Faut travailler en plus. Cours sur le Mariri. Moi je ne ris pas. Bon. Alors commençons par le début. Un malade vient voir le chaman. Le chaman doit organiser une séance d’ayahuasca pour entrer en contact avec l’esprit qui fait souffrir le malade. Une fois le contact établi, le chaman doit « aspirer » le mal du corps du patient. Pour ça il a une arme : le Mariri. Ce Mariri est l’esprit qui, au travers du chaman, va aspirer le mal du patient. Il est représenté comme une langue de feu, qui sort de la bouche du chaman et sur laquelle va venir se coller le mal du patient. C’est donc grâce à ce Mariri que le chaman peut aspirer le mal, sans craindre de le voir « pénétrer » en lui. Un peu comme un aspirateur à miasmes. Que le chaman doit donc obligatoirement posséder. C’est le maître qui apprend à son élève la technique d’aspiration du mal.

Comment un chaman peut-il obtenir ce Mariri? Grâce aux plantes maîtresses qu’il va « diéter » et qui, s’il le demande, vont faire don d’un Mariri à l’apprenti chaman.

La formule magique pour demander un Mariri? Elle se prononce dans le language des plantes, qui sont les icaros.

Un étudiant particulièrement doué peut obtenir un Mariri en trois mois. Il doit pour cela faire une diète spéciale, tout en demandant à la plante de bien vouloir lui donner ce Mariri. Puis s’en remettre à son maître, qui va également demander à la plante de bien vouloir donner un Mariri à son élève.

Si la plante accepte, elle appelle l’esprit d’un Mariri et le transmet à l’apprenti chaman par l’intermédiaire des rêves. L’apprenti va alors rêver que la plante lui offre le choix entre quatre Mariris, sous forme de quatre flammes, de quatre couleurs différentes: blanc, vert, rouge ou noir. Il n’a plus qu’à choisir celui qu’il fera sien. S’il choisit le blanc ou le vert, c’est qu’il est décidé à soigner, à faire du bien. S’il choisit le rouge ou le noir, c’est qu’il est décidé à faire du mal, de la magie noire. Il deviendra un black shaman.

Une fois ce choix fait, le Mariri entre dans le corps du chaman. Au début, il est petit, il n’a pas un grand pouvoir, il est alors comme un « bébé » qu’il va falloir nourrir et entretenir pour le rendre fort et puissant. Sa nourriture sera le tabac, que le chaman va fumer ou boire en potion. Sa nourriture sera également le parfum, dont le chaman va se servir pour l’honorer.

Les disciplines de diète et d’isolement sont destinées à faire en sorte que le chaman reste « en contact » permanent avec son Mariri.

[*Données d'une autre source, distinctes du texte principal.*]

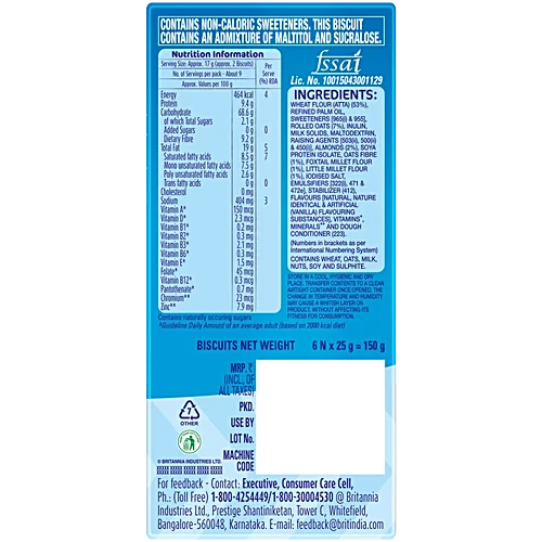 Britannia Nutrichoice Oats Cookies Diabetic Friendly, 6 x 25 g (Multipack)

S’il ne suit pas la discipline requise, s’il boit de l’alcool par exemple, et qu’il perd le contrôle de sa raison, le chaman va perdre son Mariri. Lors de vomissements sans fin. Le Mariri pourra alors se retourner contre lui et le tuer.

Mais comment on « diète » une plante vous me direz? Il faut , comme son nom l’indique, observer une diète très stricte (pas l’alcool, pas de sucre, pas d’excitants , ni de piment, ni de graisse, ni de sel) durant un certain temps, afin de nettoyer l’organisme et de devenir plus « perméable ». L’ayahuasca se charge, lui aussi, de nettoyer le corps (lorsqu’on en prends, il parait qu’on vomit, qu’on peut avoir des grosses crises de caca liquide…c’est un peu le gros ménage de printemps super bourrin, les blocages physiques, émotionnels et psychiques ressortent sous une forme solide) .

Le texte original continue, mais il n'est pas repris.